Southern Africa: EU, SADC Partnership Could Stimulate Exports and Regional Manufacturing

Photo: Volkswagen South Africa

The Volkswagen South Africa plant in Uitenhage is the largest vehicle factory in Africa (file photo).

Windhoek — While the preferential treatment extended to European Union (EU) goods would witness an increase in imports from that economic bloc, given its larger production and productivity base, it may strain the competitiveness of domestic industries.

Minister of Finance Calle Schlettwein feels the ‘cumulation provisions’ in the Economic Partnership Agreement (EPA) nevertheless create interesting opportunities to develop regional value chains to support Namibia’s industrialisation strategy and expand its export basket.

Cumulation is a concept used in preferential trade agreements, which essentially widens the definition of originating products and helps manufactured goods meet the relevant rule of origin.

Cumulation allows products granted originating status in one partner country to be further processed or added to products originating in another participating country, as if they had originated in that latter country, without the finished product losing the benefit of preferential customs tariffs. It can only be applied between countries operating with identical origin rules.

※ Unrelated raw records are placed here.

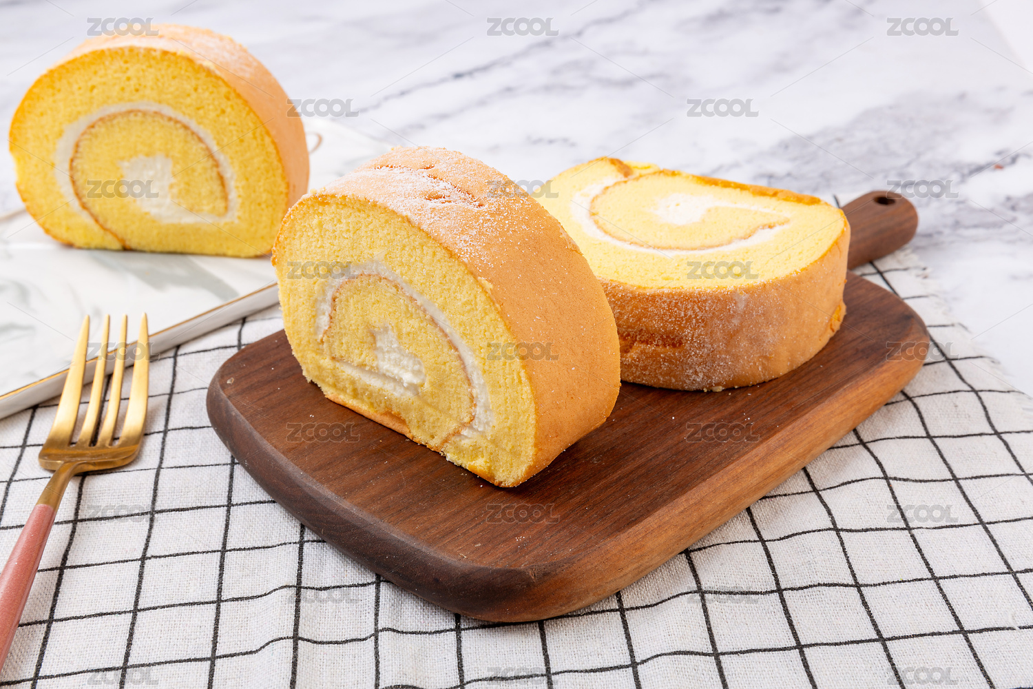 一盘鲜牛乳蛋糕卷摆放在桌面上特写
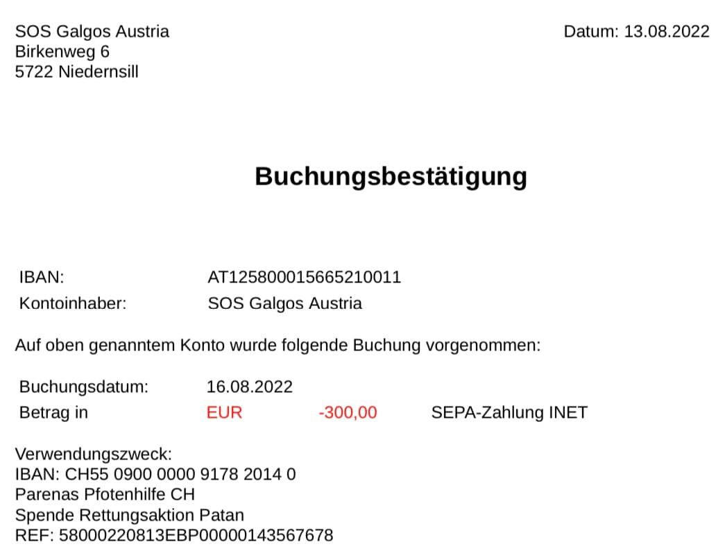 Empfänger Verein Parenas Pfotenhilfe CH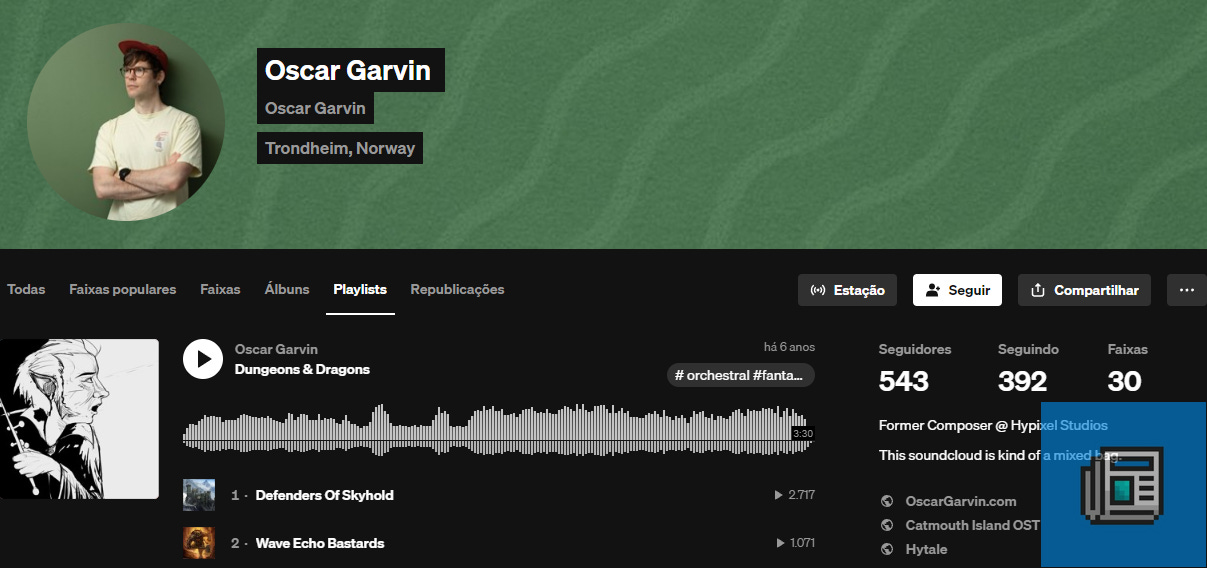 Dei uma pesquisada rápida e descobri que o compositor da trilha sonora do jogo, Oscar Garvin, não compôs músicas para outros jogos - pelo menos nenhum que conhecemos - e que dedicou quase 10 anos (de 2016 a 2025) à criação da vasta trilha sonora de Hytale.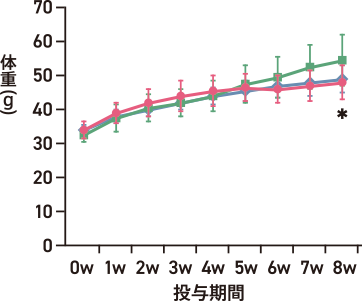 ICR雄性マウスに、Ⅰ群:通常食、Ⅱ群:高脂肪食(ラード15%添加)、Ⅲ群:高脂肪食+蔵華乳酸菌を摂取させ、体重の変化を調査しました。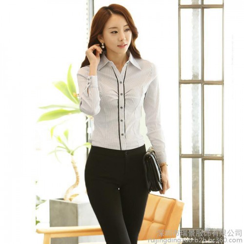 此款為白色OL風(fēng)格女士OL風(fēng)格職業(yè)裝女性襯衫,版型非常好,貼身設(shè)計(jì)特別收腰,款式簡單時(shí)尚大方而不庸俗。職業(yè)而不呆板,在休閑工作、面試、見客戶等場合也非常適用。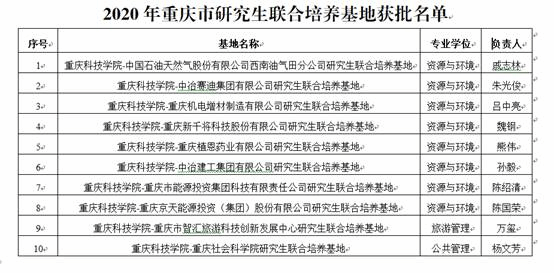近日,重庆市教育委员会公布了2020年研究生联合培养基地名单,我校与中国石油天然气股份有限公司西南油气田分公司共建的资源与环境研究生联合培养基地等10个基地获批为重庆市研究生联合培养基地。

Namibia recently signed the EU-Southern African Development Community (SADC) EPA, joining a group of four other countries in the region in favour of increasing access to the sought after EU market.

Insodoing Namibia became a signatory to the EPA, alongside South Africa, Lesotho, Mozambique, and Botswana, in a move seen as a major achievement in trade and economic relations between the EU, African Union (AU), Southern African Development Community (SADC) and the African, Caribbean and Pacific (ACP) group of countries.

“It is fair to say there will be challenges to implement the EPA in a manner that will be mutually beneficial to both parties. Namibia has to focus on implementing our Growth at Home strategy towards industrialisation to make optimal use of the market access provided for under the EPA. In this regard, it is crucial to expand our agricultural and industrial output to achieve equitable benefits.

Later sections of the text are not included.